Starting with the line that includes "廊道旁,綠油油的草坪,花開正", write out every remaining line of the records below exactly as it appears, leaving out any images.

[Opening Data for this exercise section]

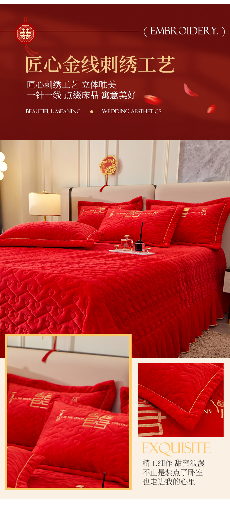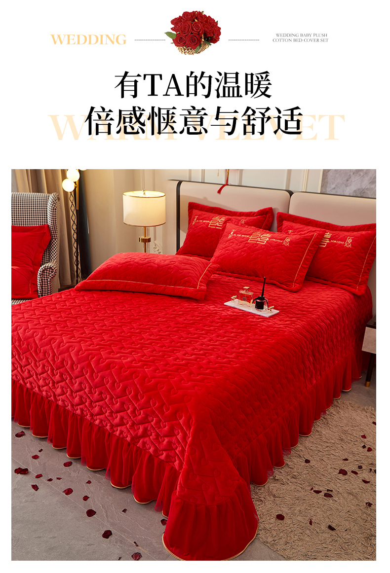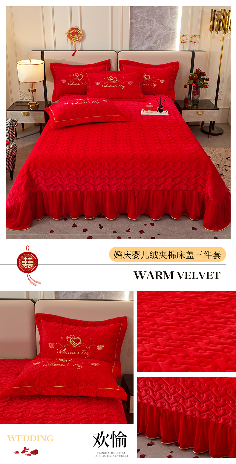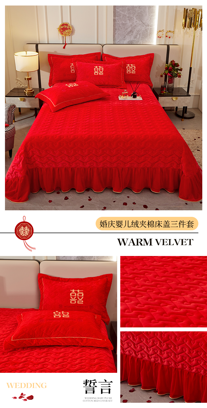 商品名称:(总)宜凡家纺 2023秋冬新品婴儿绒婚庆床盖三件套
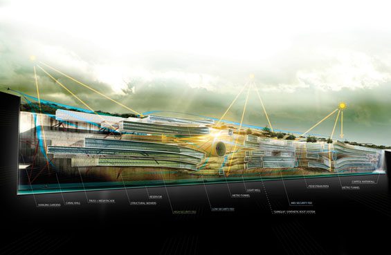 Our design is opposed to these grand edifices which break apart the fine mesh work needed for a city to thrive. The solution to these mega structures is not a building reaching ever-higher into the atmosphere. This would pull apart the connections we have with the ground and further disconnect the government from the city.  Rather, our proposal intends to dig into the earth, burying the program beneath whilst activating the ground plane.
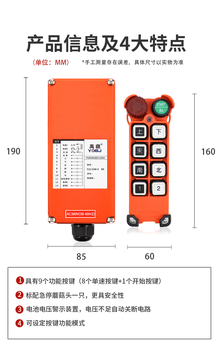產(chǎn)品廣泛應(yīng)用于機械、建筑、冶金、汽車、化工、鐵路、施工等可實現(xiàn)遙控操作的設(shè)備及場所。
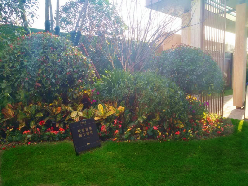 廊道旁,綠油油的草坪,花開正艷的小苗木,修剪成型的灌木,以及筆直的喬木,構成了一處處花境!
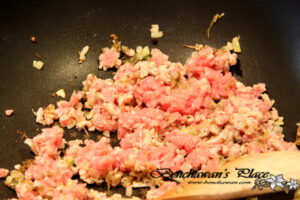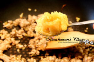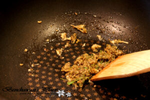 4.ใส่หมูสับลงไปผัดต่อให้สุก
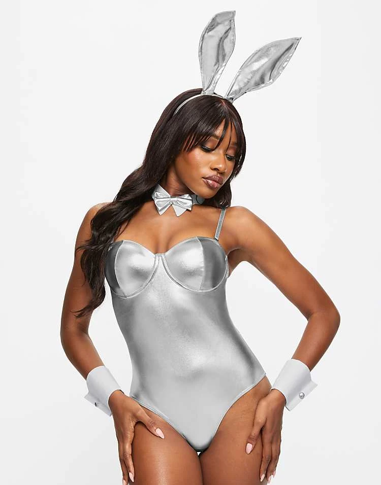 - Includes a bodysuit, headband, bow tie and cuffs
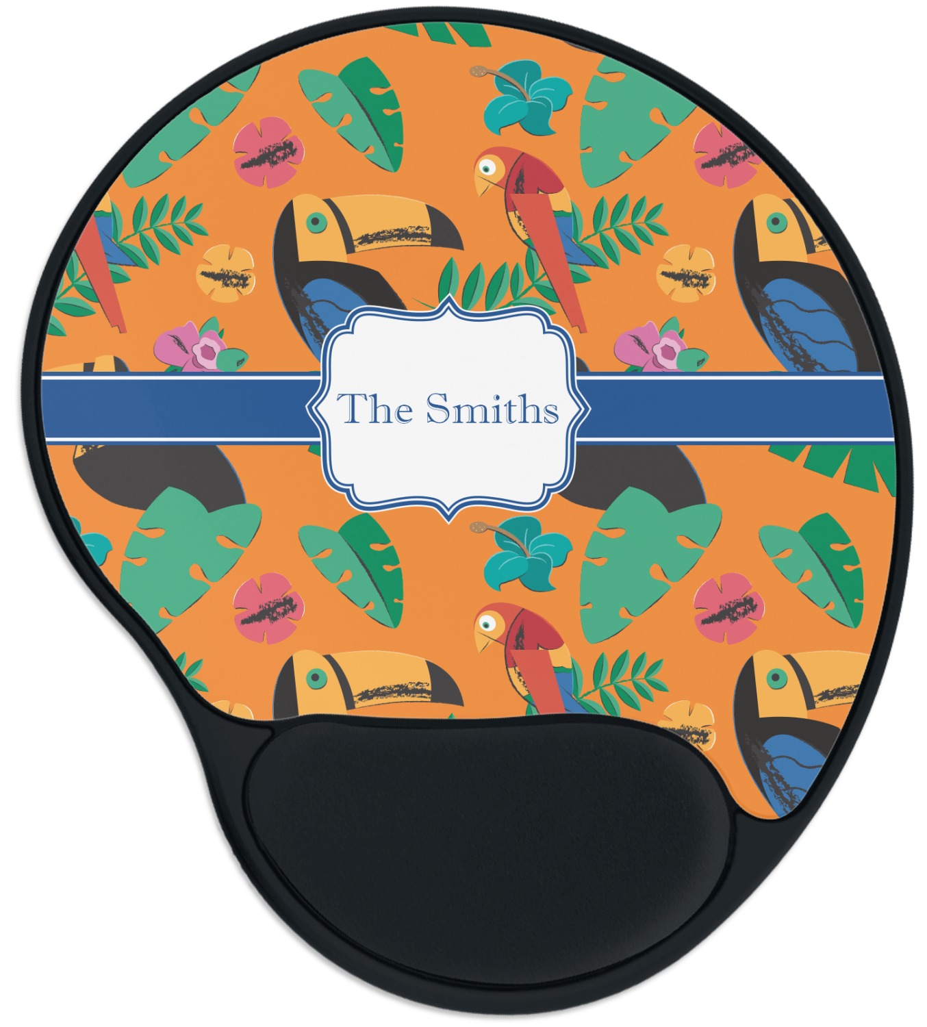 The top of these personalized mouse pads are made from a polyester, while the underside is plastic. The back of these mouse mats include rubber feet to prevent any slippage while in use. A padded wrist support, made from plush memory foam, occupies the bottom section of these computer mouse pads. Your customized design is printed onto the face of this mat, with the remaining sides and support piece colored in black. The mat itself is rounded and measures at 10.25" x 9.13".
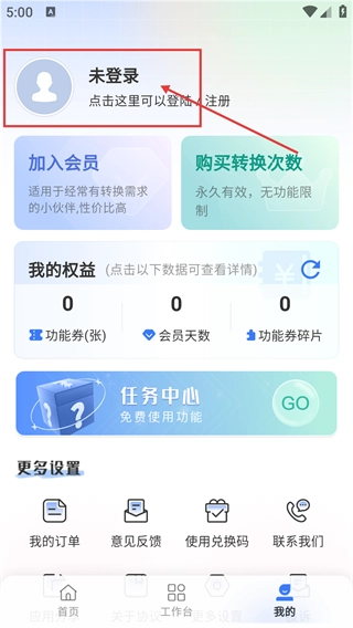 2、进入主界面,可看到【PDF转Word】【PDF转图片】等转换功能,点击底部【我的】按钮,可进入个人中心页面。
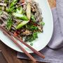 Die Sobanudeln nach Packungsanleitung kochen, kalt abspülen und in einer Schüssel mit kaltem Wasser beiseite stellen.

[Closing Data for this exercise section]

# [Solution to this exercise]
 廊道旁,綠油油的草坪,花開正艷的小苗木,修剪成型的灌木,以及筆直的喬木,構成了一處處花境!
 4.ใส่หมูสับลงไปผัดต่อให้สุก
 - Includes a bodysuit, headband, bow tie and cuffs
 The top of these personalized mouse pads are made from a polyester, while the underside is plastic. The back of these mouse mats include rubber feet to prevent any slippage while in use. A padded wrist support, made from plush memory foam, occupies the bottom section of these computer mouse pads. Your customized design is printed onto the face of this mat, with the remaining sides and support piece colored in black. The mat itself is rounded and measures at 10.25" x 9.13".
 2、进入主界面,可看到【PDF转Word】【PDF转图片】等转换功能,点击底部【我的】按钮,可进入个人中心页面。
 Die Sobanudeln nach Packungsanleitung kochen, kalt abspülen und in einer Schüssel mit kaltem Wasser beiseite stellen.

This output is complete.